It was billed as the "most important vice-presidential debate in history".
US Vice-President Mike Pence and his Democratic challenger Kamala Harris took to the stage for a 90-minute debate in Salt Lake City, Utah on Wednesday.
The debate was moderated by Susan Page, Washington bureau chief of USA Today.
Coronavirus safety measures were stepped up following the recent presidential debate, with plexiglass dividers in place between the two candidates.
And Harris and Pence were placed 12ft (3.6m) apart from one another.
Guests and candidates were tested for Covid-19 beforehand and anyone who refused to wear a mask was told by the organisers, the Commission on Presidential Debates, that they would be "escorted out".
This followed concern after the first presidential debate when several members of Donald Trump's family sat in the audience without a mask.
Harris is the first black and Asian-American woman on a presidential ticket.
She has been a senator in California since 2017 and is a former prosecutor and state attorney general.
In picking veteran politician Mike Pence as his vice-president in 2016, Mr Trump was seen to have opted for a safe choice who could help secure him the evangelical Christian vote.
Joe Biden, Mr Trump's Democratic challenger for the presidency, has led most national polls since the beginning of the year.
The first question in the debate was on coronavirus - to date, 210,000 Americans have died from Covid-19.
Mr Pence is in charge of the presidential task force on the pandemic.
Directly addressing the audience, Senator Harris accused the Trump administration of knowing what would happen with the health crisis: "They knew and they covered it up."
"They minimised the seriousness of it," she said.
Moderator Susan Page asked why the death toll as a percentage of the US population is higher than nearly any nation on earth - and twice that of neighbouring Canada.
"From the very first day Donald Trump has put the health of Americans first," Mr Pence said.
Mr Trump, he said, "did what no other president had ever done - suspended all travel from China, the second largest economy in the world".
The US did issue a travel ban on China, however, thousands of people were exempt.
Susan Page pointed out to each candidate that they would each be the vice-president to the oldest US president in history.
The moderator asked them whether candidates should release their health records.
Senator Harris said she supported transparency of medical records - as well as tax records.
Ms Harris pointed to recent reports in the New York Times which said the president had paid little to no tax over the past two decades.
Mr Pence said those reports were untrue.
Then, during the debate, a fly landed on Mr Pence's head and quickly found stardom on social media.
A Twitter page dedicated to the fly amassed thousands of followers.
Joe Biden then tweeted a picture asking for a political donation which could "help this campaign fly".
The debate moved on to the topic of climate change.
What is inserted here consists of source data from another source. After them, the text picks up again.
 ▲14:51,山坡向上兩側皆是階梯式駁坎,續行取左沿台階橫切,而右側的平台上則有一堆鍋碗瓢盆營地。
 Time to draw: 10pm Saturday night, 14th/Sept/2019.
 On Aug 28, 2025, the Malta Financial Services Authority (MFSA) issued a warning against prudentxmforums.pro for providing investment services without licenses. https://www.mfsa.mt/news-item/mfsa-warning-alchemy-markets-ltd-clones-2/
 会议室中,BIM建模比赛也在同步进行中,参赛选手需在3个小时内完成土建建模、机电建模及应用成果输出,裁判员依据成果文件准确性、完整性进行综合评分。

Mr Pence said he was proud of the administration's record on the environment and conservation.
But Senator Harris pointed out that her home state of California was burning due to wildfires.
"We have seen a pattern with this administration and that is they don't believe in science," she said.
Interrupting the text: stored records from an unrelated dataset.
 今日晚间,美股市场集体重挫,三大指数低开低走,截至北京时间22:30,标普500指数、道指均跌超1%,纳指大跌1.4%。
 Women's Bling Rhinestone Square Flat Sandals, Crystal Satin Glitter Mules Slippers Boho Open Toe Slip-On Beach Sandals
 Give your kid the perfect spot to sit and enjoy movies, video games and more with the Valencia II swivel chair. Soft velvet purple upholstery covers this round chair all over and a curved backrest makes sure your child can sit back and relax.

The debate moved on to criminal justice and race issues.
When discussing Breonna Taylor, a Black medical worker who was shot and killed by Louisville police officers in March, Ms Harris said her life was taken "unjustifiably, tragically, violently".
Vice-President Pence said there was no excuse for rioting and looting amid protests against racism.
He pushed back against the idea that America is a racist country.
The final question was on the election itself.
On the election, Ms Harris said: "Vote! Please! Vote early! Come up with a plan to vote... We have it within our power in these next 27 days" to change the next four years.
Mr Pence said: "First and foremost I think we're gonna win this election".
He was asked what his role would be in the event that President Trump refused to accept a loss in November.
"When you talk about accepting the outcome of the election, I must tell you, your party has spent the last three and half years trying to overturn the results of the last election," he said to Ms Harris.
At the end of the only vice-presidential debate of 2020, the candidates were joined on stage by their spouses.